» Requirement: Of all the lines below, return only those starting with the line holding "写真は人気メニューの「シャトーブリアン」と「大判極ミスジ炙り焼きすき」。" and going on through the line holding "Labin si trova", exactly as written.

» Data to examine:
━━━━━━━━━━━━━━━━

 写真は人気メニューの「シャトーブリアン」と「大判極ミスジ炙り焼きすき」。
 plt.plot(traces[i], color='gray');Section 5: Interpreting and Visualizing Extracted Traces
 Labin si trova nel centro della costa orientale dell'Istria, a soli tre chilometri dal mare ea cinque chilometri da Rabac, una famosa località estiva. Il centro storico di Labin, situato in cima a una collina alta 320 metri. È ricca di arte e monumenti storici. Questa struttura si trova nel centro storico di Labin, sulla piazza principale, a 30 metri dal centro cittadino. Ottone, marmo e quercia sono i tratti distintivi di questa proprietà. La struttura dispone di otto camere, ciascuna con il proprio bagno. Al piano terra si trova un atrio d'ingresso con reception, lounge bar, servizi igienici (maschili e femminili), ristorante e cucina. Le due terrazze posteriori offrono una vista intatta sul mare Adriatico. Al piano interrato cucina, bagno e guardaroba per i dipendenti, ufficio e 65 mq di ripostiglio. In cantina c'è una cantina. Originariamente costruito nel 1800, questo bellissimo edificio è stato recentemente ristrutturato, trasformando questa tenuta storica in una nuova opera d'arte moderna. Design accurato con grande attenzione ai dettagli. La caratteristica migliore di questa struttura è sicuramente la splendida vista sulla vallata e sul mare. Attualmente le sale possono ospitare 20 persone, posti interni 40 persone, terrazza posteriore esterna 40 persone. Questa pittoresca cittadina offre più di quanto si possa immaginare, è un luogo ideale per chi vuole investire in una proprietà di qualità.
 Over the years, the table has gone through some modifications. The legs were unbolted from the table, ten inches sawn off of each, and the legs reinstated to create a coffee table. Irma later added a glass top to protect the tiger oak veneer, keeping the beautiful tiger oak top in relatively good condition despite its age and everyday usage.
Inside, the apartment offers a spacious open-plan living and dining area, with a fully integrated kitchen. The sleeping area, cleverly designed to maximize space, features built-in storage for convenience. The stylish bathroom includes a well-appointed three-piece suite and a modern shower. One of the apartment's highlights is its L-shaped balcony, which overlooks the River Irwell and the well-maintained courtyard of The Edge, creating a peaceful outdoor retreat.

━━━━━━━━━━━━━━━━

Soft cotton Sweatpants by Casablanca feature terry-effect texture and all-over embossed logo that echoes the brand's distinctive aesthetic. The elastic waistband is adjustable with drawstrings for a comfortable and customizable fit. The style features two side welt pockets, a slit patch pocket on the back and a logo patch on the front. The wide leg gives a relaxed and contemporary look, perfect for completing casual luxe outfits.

━━━━━━━━━━━━━━━━

» Answer to the problem:
 写真は人気メニューの「シャトーブリアン」と「大判極ミスジ炙り焼きすき」。
 plt.plot(traces[i], color='gray');Section 5: Interpreting and Visualizing Extracted Traces
 Labin si trova nel centro della costa orientale dell'Istria, a soli tre chilometri dal mare ea cinque chilometri da Rabac, una famosa località estiva. Il centro storico di Labin, situato in cima a una collina alta 320 metri. È ricca di arte e monumenti storici. Questa struttura si trova nel centro storico di Labin, sulla piazza principale, a 30 metri dal centro cittadino. Ottone, marmo e quercia sono i tratti distintivi di questa proprietà. La struttura dispone di otto camere, ciascuna con il proprio bagno. Al piano terra si trova un atrio d'ingresso con reception, lounge bar, servizi igienici (maschili e femminili), ristorante e cucina. Le due terrazze posteriori offrono una vista intatta sul mare Adriatico. Al piano interrato cucina, bagno e guardaroba per i dipendenti, ufficio e 65 mq di ripostiglio. In cantina c'è una cantina. Originariamente costruito nel 1800, questo bellissimo edificio è stato recentemente ristrutturato, trasformando questa tenuta storica in una nuova opera d'arte moderna. Design accurato con grande attenzione ai dettagli. La caratteristica migliore di questa struttura è sicuramente la splendida vista sulla vallata e sul mare. Attualmente le sale possono ospitare 20 persone, posti interni 40 persone, terrazza posteriore esterna 40 persone. Questa pittoresca cittadina offre più di quanto si possa immaginare, è un luogo ideale per chi vuole investire in una proprietà di qualità.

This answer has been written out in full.